For this exercise, repeat exactly the lines below starting at the line holding "9月进入传统旺季,下游需求存" and ending at the line holding "版元の連名の中には、鱗形屋孫", both included, with no extra lines and no pictures.

:::::

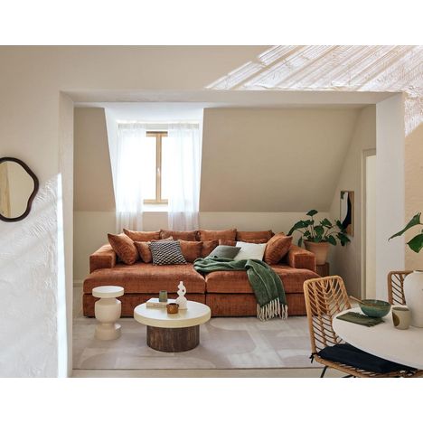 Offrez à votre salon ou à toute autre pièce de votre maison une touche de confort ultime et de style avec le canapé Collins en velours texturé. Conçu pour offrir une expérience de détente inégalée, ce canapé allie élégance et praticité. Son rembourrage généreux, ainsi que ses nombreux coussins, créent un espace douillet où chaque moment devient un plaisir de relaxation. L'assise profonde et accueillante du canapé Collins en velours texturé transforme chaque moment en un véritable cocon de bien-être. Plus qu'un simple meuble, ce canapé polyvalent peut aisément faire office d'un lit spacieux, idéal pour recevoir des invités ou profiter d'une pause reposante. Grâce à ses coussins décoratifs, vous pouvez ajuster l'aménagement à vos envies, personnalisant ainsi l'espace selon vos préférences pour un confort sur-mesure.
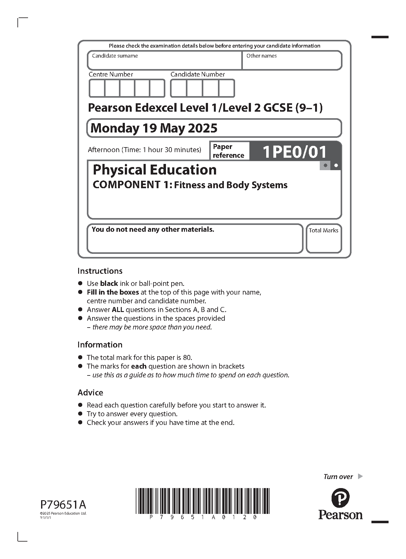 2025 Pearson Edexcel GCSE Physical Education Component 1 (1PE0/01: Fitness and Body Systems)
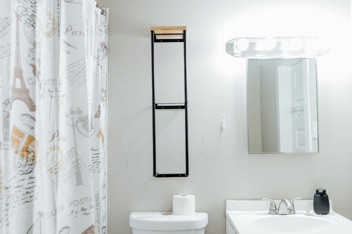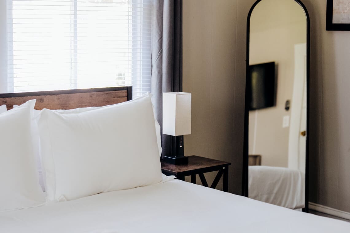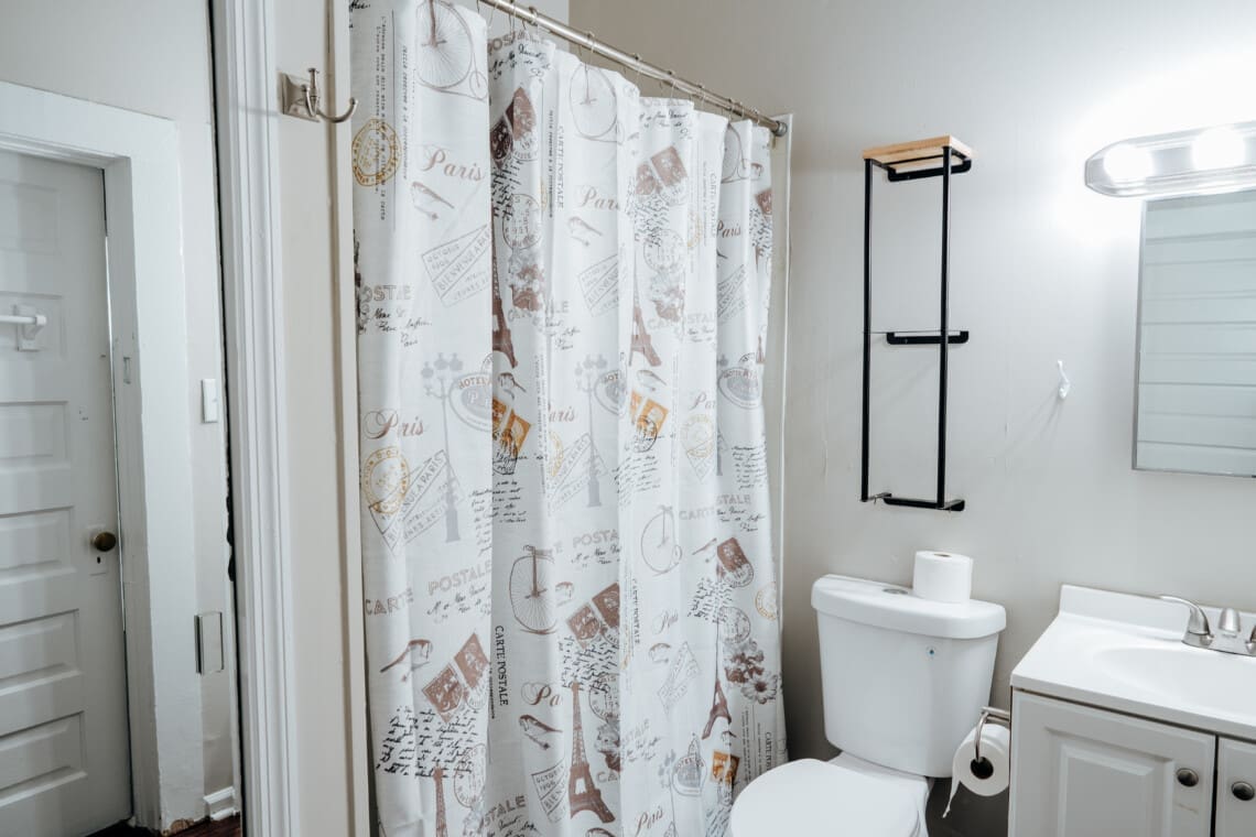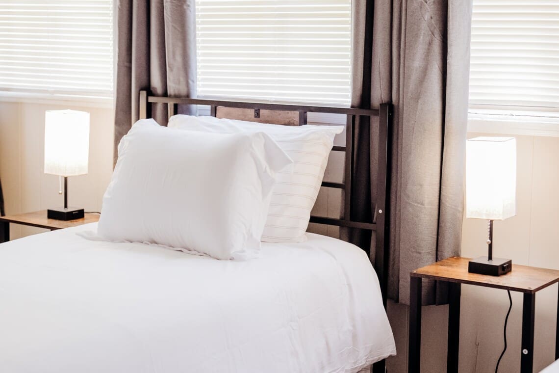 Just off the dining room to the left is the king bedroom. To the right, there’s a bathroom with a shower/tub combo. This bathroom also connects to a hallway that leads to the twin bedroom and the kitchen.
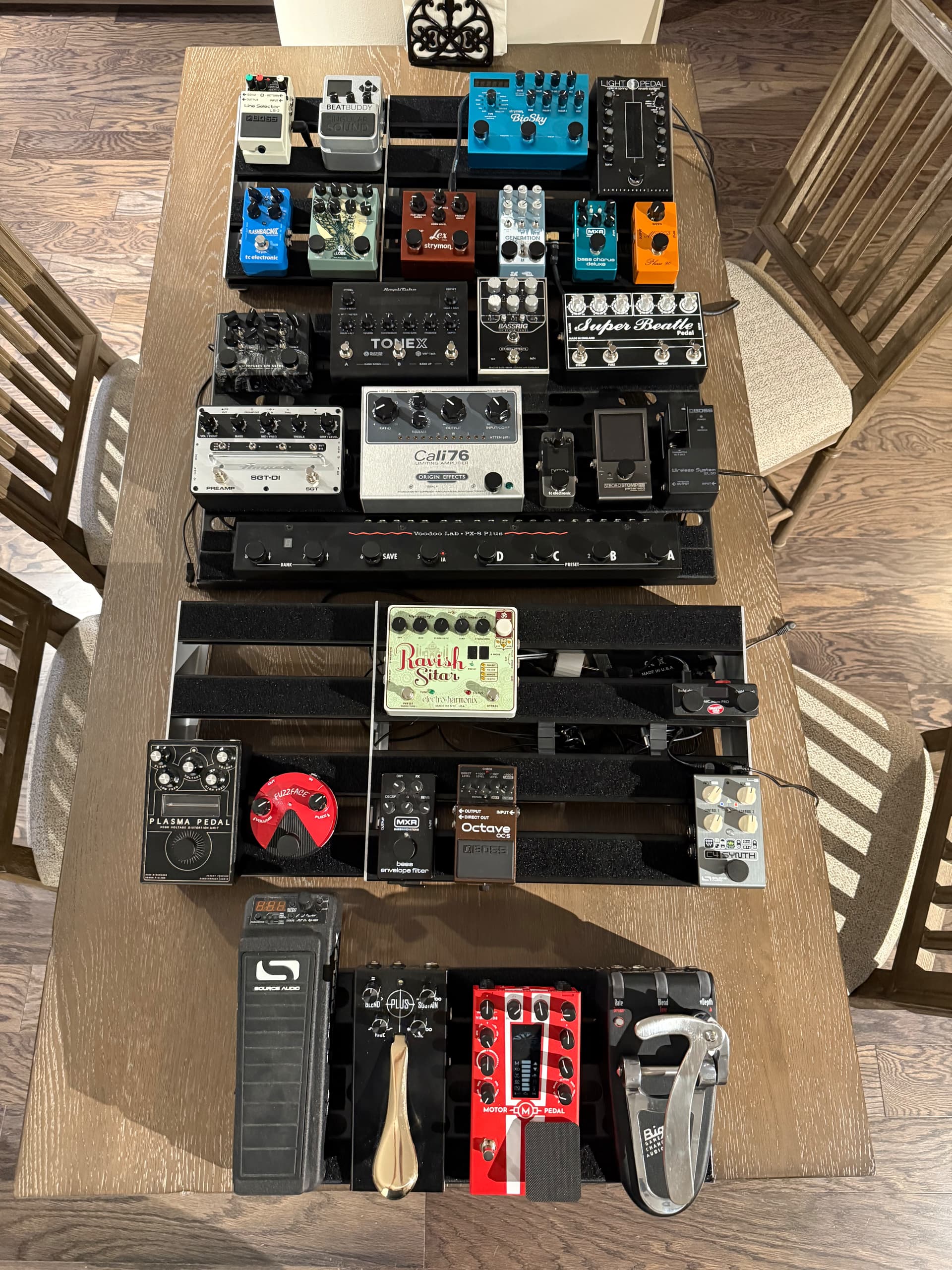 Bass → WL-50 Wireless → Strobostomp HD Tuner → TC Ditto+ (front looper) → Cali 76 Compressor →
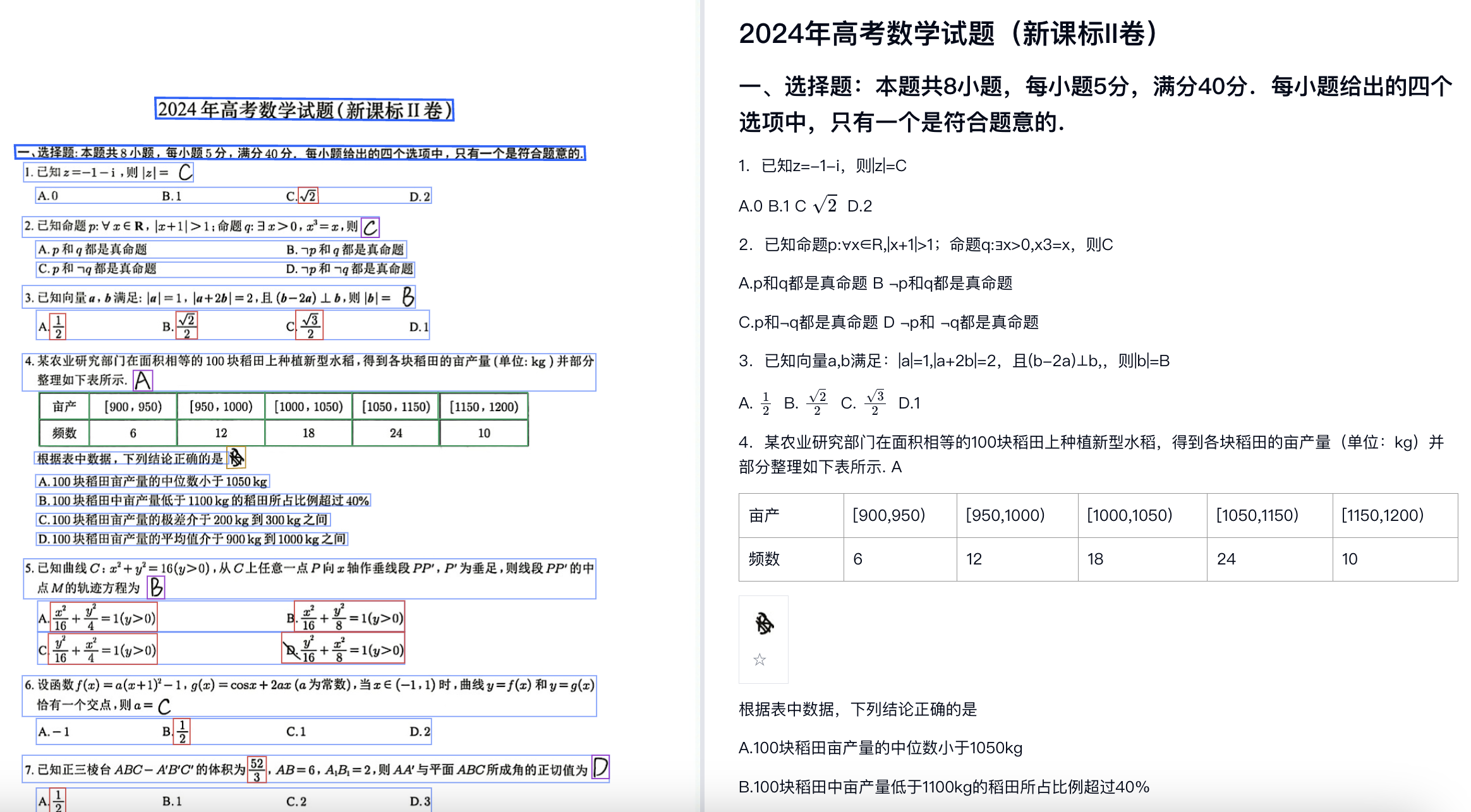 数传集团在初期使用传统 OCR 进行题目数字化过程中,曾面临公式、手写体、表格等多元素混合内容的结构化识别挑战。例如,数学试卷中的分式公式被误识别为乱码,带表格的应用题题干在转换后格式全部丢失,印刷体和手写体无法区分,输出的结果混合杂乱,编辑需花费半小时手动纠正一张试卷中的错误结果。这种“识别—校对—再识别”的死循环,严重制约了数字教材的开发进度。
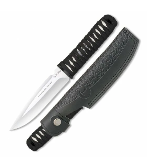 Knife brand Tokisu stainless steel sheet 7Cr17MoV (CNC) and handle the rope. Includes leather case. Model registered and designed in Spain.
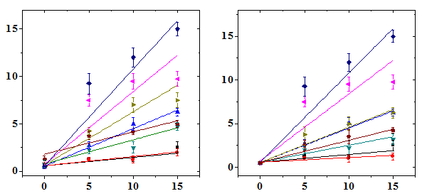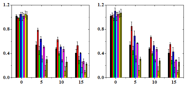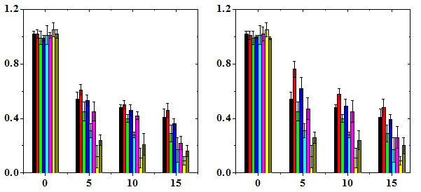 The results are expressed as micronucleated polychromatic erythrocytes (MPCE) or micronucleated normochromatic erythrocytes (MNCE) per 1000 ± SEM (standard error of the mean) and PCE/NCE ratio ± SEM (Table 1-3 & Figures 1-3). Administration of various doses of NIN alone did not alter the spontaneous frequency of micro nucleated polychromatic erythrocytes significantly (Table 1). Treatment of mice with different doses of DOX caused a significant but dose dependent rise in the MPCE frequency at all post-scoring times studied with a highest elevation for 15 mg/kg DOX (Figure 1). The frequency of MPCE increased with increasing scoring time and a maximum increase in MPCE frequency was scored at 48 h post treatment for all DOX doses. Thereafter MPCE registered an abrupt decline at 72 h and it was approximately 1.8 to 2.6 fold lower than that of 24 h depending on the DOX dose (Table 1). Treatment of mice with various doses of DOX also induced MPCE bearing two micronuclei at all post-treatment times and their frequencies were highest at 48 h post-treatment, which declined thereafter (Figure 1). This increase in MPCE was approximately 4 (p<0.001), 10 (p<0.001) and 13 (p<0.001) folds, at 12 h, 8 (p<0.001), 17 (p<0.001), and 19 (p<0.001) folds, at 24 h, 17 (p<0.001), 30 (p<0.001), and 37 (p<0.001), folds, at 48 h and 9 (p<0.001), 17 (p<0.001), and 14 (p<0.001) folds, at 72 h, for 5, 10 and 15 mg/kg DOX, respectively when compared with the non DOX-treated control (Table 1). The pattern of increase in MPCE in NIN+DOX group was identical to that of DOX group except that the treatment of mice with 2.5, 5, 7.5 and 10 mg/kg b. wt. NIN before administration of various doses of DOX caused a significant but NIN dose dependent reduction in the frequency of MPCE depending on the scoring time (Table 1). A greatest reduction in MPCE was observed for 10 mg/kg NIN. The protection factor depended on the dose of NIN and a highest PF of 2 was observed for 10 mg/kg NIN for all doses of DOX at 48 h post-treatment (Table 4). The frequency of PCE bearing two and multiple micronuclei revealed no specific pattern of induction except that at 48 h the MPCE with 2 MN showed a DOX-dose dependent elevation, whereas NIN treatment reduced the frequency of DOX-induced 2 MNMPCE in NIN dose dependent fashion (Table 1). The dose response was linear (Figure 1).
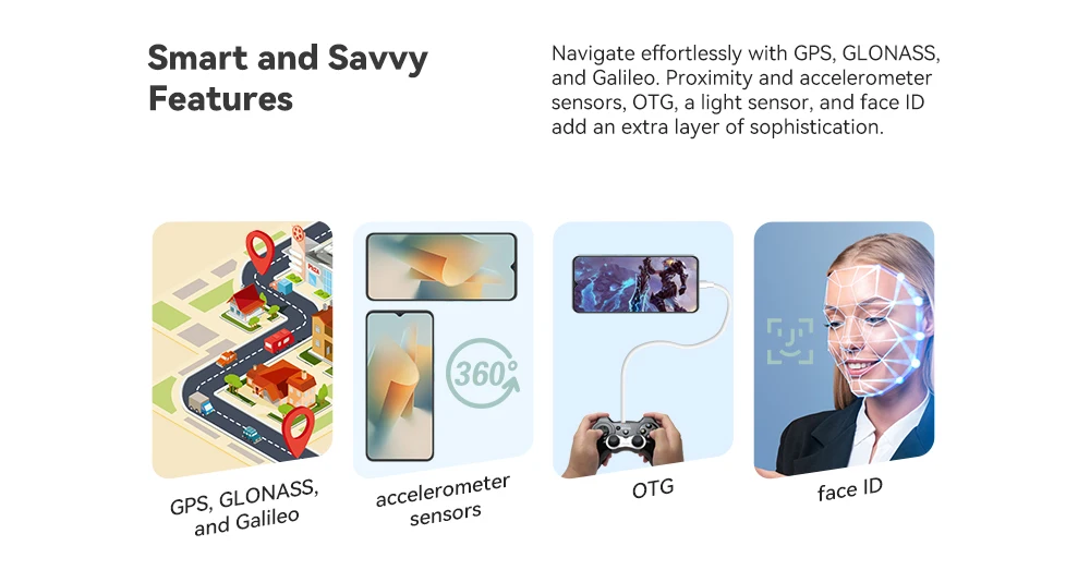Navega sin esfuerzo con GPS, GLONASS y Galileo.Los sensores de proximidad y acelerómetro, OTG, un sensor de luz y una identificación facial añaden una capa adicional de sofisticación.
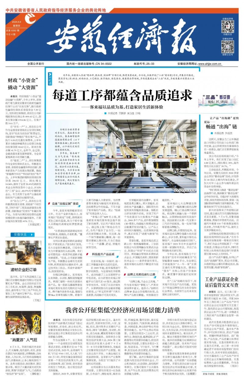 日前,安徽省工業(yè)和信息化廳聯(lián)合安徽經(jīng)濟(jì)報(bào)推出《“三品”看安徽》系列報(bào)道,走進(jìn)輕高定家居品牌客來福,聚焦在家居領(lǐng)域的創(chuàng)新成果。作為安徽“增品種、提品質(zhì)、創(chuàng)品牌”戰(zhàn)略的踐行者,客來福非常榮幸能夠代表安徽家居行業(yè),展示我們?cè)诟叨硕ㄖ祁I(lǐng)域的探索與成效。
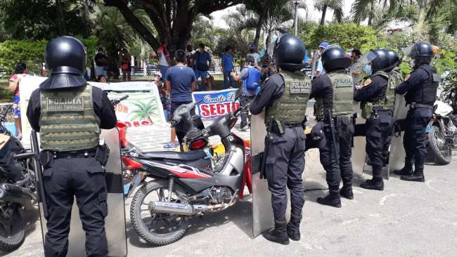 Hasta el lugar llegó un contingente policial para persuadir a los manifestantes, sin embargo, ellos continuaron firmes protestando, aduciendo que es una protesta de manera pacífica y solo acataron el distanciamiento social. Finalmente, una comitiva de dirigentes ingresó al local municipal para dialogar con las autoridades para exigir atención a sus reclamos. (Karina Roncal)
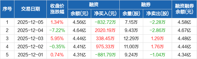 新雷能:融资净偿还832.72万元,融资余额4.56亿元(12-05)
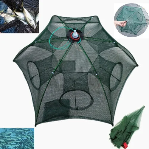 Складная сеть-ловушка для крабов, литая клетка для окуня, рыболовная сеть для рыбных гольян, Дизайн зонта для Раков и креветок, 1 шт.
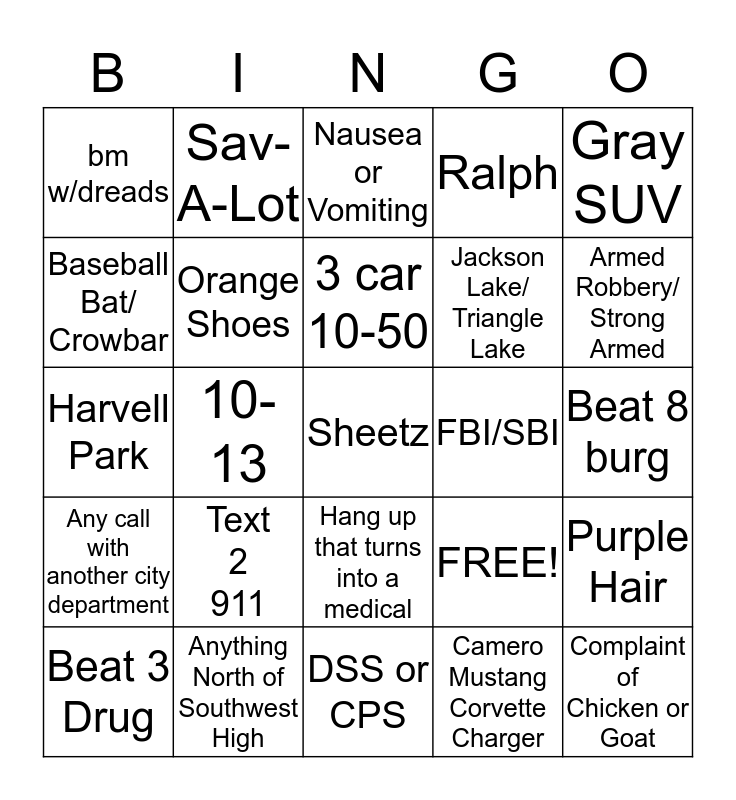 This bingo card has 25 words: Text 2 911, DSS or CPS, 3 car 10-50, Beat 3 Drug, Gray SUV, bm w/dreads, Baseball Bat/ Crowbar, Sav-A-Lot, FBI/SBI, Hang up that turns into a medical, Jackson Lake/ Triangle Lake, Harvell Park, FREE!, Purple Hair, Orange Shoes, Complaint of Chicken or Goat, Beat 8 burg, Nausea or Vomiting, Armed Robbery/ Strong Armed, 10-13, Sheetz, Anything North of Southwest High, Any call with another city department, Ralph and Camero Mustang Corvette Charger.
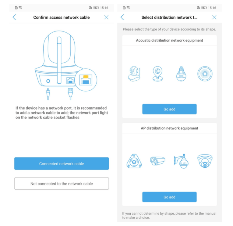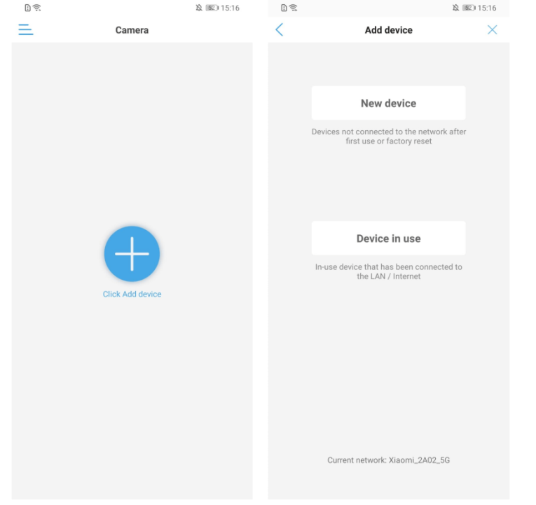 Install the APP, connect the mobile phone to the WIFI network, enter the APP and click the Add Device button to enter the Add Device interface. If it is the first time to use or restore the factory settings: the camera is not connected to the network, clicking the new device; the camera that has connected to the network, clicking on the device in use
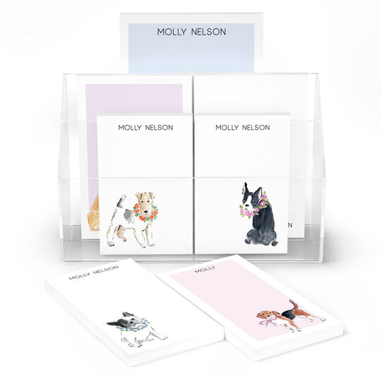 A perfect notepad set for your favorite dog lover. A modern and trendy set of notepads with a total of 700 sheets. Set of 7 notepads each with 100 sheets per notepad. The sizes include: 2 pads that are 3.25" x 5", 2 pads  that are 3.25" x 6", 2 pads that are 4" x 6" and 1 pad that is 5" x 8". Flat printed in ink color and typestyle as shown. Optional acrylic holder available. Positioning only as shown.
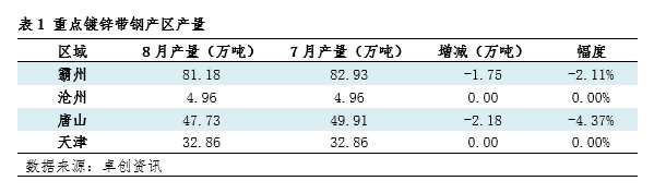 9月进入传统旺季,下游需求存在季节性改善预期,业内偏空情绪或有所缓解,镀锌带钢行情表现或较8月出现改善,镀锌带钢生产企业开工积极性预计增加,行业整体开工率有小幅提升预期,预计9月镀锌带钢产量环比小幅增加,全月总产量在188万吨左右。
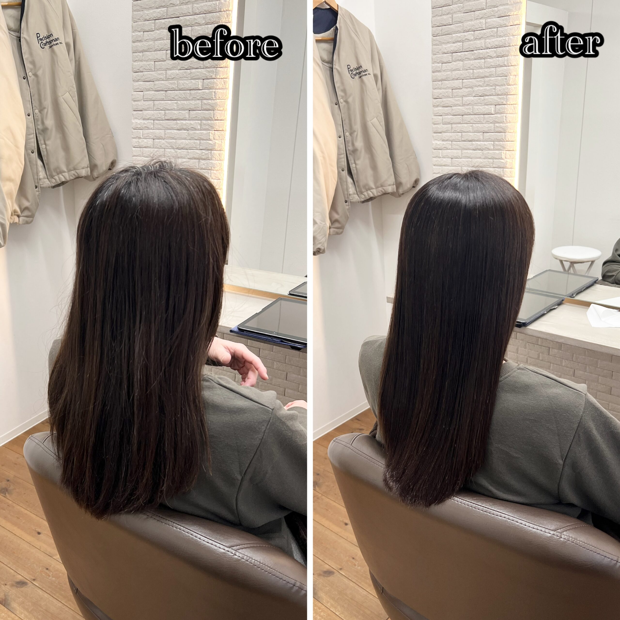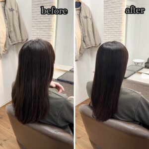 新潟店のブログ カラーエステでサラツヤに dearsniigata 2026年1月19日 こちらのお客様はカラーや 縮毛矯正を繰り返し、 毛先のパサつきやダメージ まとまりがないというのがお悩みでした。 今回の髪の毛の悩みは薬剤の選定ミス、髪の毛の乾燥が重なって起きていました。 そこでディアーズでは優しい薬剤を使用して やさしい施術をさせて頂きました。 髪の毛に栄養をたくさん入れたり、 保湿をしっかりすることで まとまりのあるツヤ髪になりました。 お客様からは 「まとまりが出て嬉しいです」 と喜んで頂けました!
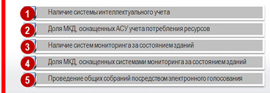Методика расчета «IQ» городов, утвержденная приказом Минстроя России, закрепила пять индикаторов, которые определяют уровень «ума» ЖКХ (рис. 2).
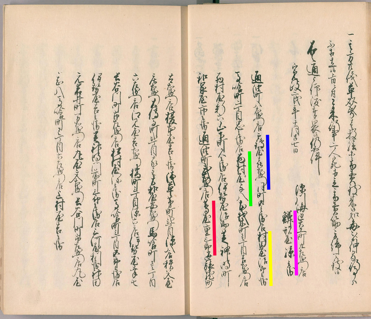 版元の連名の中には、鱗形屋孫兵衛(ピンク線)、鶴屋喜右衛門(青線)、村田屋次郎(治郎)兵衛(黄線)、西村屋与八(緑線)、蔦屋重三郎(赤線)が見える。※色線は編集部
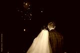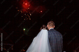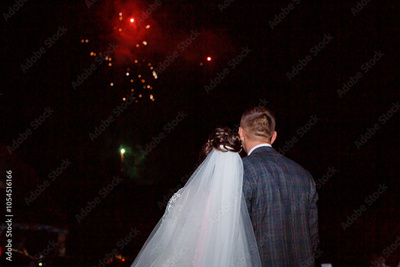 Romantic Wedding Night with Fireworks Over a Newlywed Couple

:::::

**Expected output**
 9月进入传统旺季,下游需求存在季节性改善预期,业内偏空情绪或有所缓解,镀锌带钢行情表现或较8月出现改善,镀锌带钢生产企业开工积极性预计增加,行业整体开工率有小幅提升预期,预计9月镀锌带钢产量环比小幅增加,全月总产量在188万吨左右。
 新潟店のブログ カラーエステでサラツヤに dearsniigata 2026年1月19日 こちらのお客様はカラーや 縮毛矯正を繰り返し、 毛先のパサつきやダメージ まとまりがないというのがお悩みでした。 今回の髪の毛の悩みは薬剤の選定ミス、髪の毛の乾燥が重なって起きていました。 そこでディアーズでは優しい薬剤を使用して やさしい施術をさせて頂きました。 髪の毛に栄養をたくさん入れたり、 保湿をしっかりすることで まとまりのあるツヤ髪になりました。 お客様からは 「まとまりが出て嬉しいです」 と喜んで頂けました!
Методика расчета «IQ» городов, утвержденная приказом Минстроя России, закрепила пять индикаторов, которые определяют уровень «ума» ЖКХ (рис. 2).
 版元の連名の中には、鱗形屋孫兵衛(ピンク線)、鶴屋喜右衛門(青線)、村田屋次郎(治郎)兵衛(黄線)、西村屋与八(緑線)、蔦屋重三郎(赤線)が見える。※色線は編集部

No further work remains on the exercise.